THE SHRINE OF KHAN SAHIB
SITUATED in the Khan Sahib block of district Budgam, the shrine is associated with a famous saint - Hazrat Salen Khan - who belonged to Pakhla village (now in Pakistan) and came here in the sixteenth century along with his father, Ismail Sahib. On the day of the birth of his son, it is believed, 99 saints visited the house of Ismail Sahab to see the new-born child. At age 5, his uncle, an influential man in the area, wanted to adopt Salen Khan but Ismail Sahib would not agree. When the former exerted pressure, Ismail Sahib took his son along and travelled on foot to Kashmir. On way, Syed Salen Khan met a famous saint - Bu Ali. Syed Salen's father took his son to Baba Naseeb-ud-Din Gazi, a well- known saint of Kashmir, where the two stayed for over a year. Later, the Baba granted Ismail Sahib permission to leave and Syed Salen Khan stayed back and took religious and spiritual guidance from the baba for 13 years. Syed Salen Khan also meditated for almost a dozen years in a cave and also stayed for some time in the Srinagar city. Later, he chose a place in a jungle for prayers and meditation. The cave, where he meditated, still exists. During his stay in the cave, people began to visit Syed Salen Khan and soon he was widely known to be a saint of high order. The place came to be known as Khan Sahib after him. Hazrat Syed Saleh Khan passed away on Zeelqad 17, 1019 Hijri. He was a fine calligrapher and a copy of the Holy Quran calligraphed by him is available at Watal Kadal, Srinagar. In the month of Zeelqad, a week-long urs (festival) is held at the tomb of Syed Saleh Khan Sahib.
Vaishno Devi Temple
The Vaishno Devi temple is located in the Trikuta Mountain at 61 kms north of Jammu at a height of 5,200 feet above the sea level. The shrine can be visited throughout the year, but in winters, it is difficult due to snowfall.
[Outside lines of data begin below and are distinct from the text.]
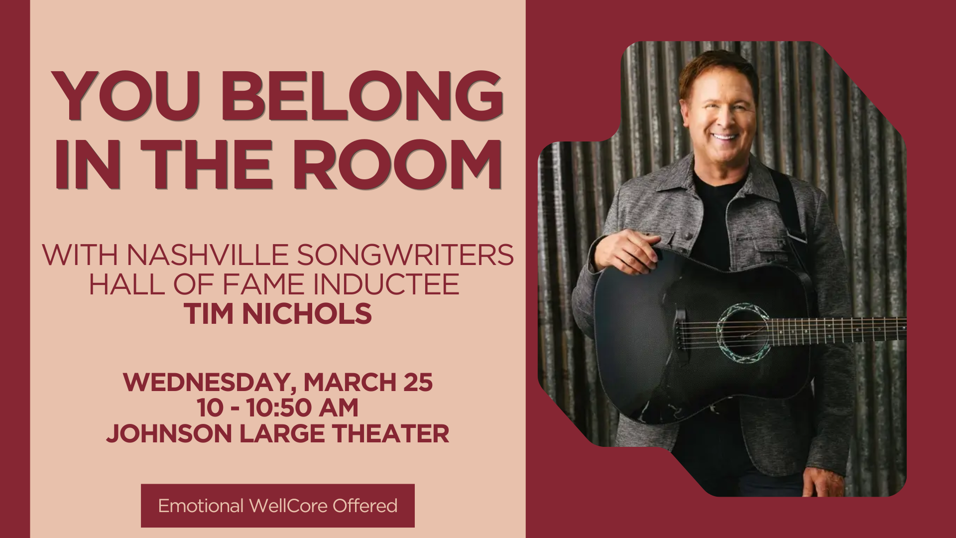 Today, Tim continues to write hits for some of country music’s biggest stars. A sought-after keynote speaker, Tim speaks to audiences about creativity, collaboration, and lessons learned from a life spent working with some of the most popular musical artists in the world. Over his four-decade career as one of Nashville’s most respected songwriters, Tim Nichols has learned a crucial component must be in place before the creative process even begins: no matter where you are, no matter who you’re there with, you need to believe that you belong in the room.
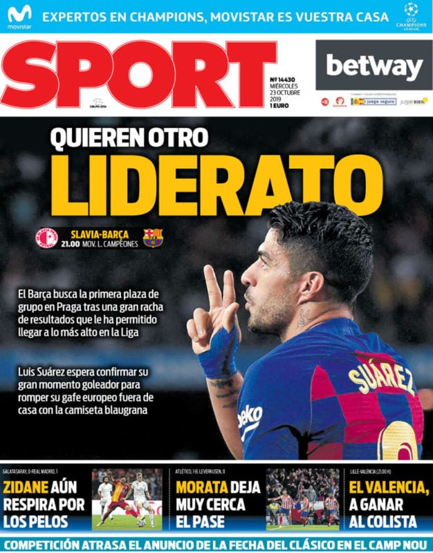 Nos gusta la primera página de 'Sport', resaltando la palabra "liderato" por aquello de que cogieron el de la Liga el fin de semana y quieren también el de la Champions League. Llevan años los culés celebrando lideratos europeos en otoño y llorando en primavera. Alguien les debería recordar que en el Viejo Continente no se festeja nada hasta mayo o junio.
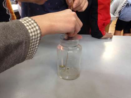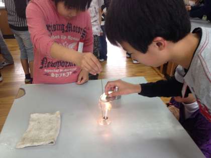 ふたをした容器にろうそくの火を入れると,火が消えてびっくり!
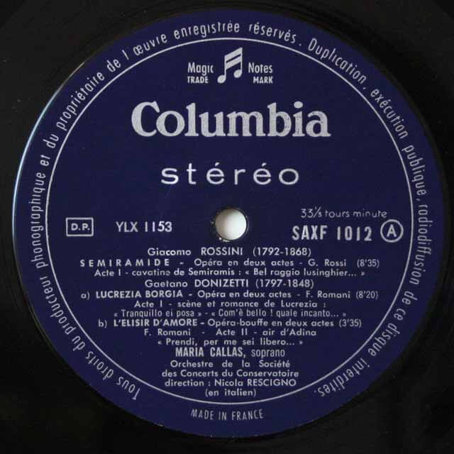 FR COLUMBIA SAXF1012 マリア・カラス ニコラ・レッシーニョ パリ音楽院管弦楽団 Callas sings Rossini and Donizetti arias
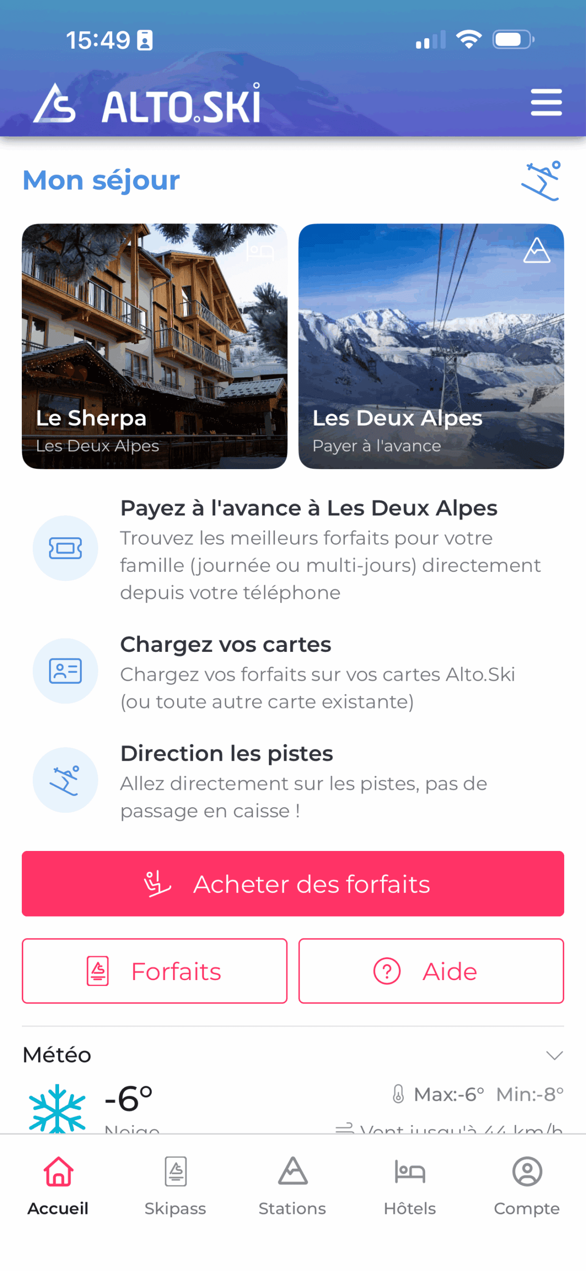 - Choisissez votre hôtel lors de l’inscription pour qu’il apparaisse sur votre écran d’accueil. Ajoutez un moyen de paiement. Activez votre carte de ski (existante ou récupérée à l’hôtel), sélectionnez votre billet et skieur(s), puis passez à la caisse — votre forfait est automatiquement chargé sur la carte et vous pouvez aller directement sur les pistes.

The legend has that the three main manifestations of Goddess like Mata Maha Kali, Mata Maha Lakshmi and Mata Maha Saraswati united together one day and pooled the collective Tejas or spiritual strength. Then a bright light emanated from the place where a beautiful young girl emerged out of this Tejas. She was told to live on earth, spending her time in upholding righteousness and later merge into Vishnu. So, the girl was born to Ratankar and his wife who called her as Vaishnavi.
The only holy place connected with Lord Visnu in Kashmir is Vishnu-Pada or Kaunsar Naga. This is a big lake situated at a height of more than 14,000 feet in Anantnag district. The lake is shaped like a foot and it is believed that Lord Visnu had placed his holy foot in the place where the present big lake is found.
Sun temple at Martand
Only five miles away from the town of Anantnag on the way to Amarnath, is a village known as Mattan or Bhawan. In ancient scriptures the name of this place is given as Martand (the sun). Here is a beautiful spring and a small rivulet flowing nearby known as the Chaka. On the banks of the Chaka thousands of devotees from northern India perform sraddha to their deceased ancestors in adhikamasa months and Vijaya Saptami. About 21/2 km. from the spring are the ruins of a magnificent temple dedicated to the Sun known as Martand. The temple in Indo-Greek architectural style was built by Lalitaditya, a great king of Kashmir. Swami Vivekananda visited this place at least three times.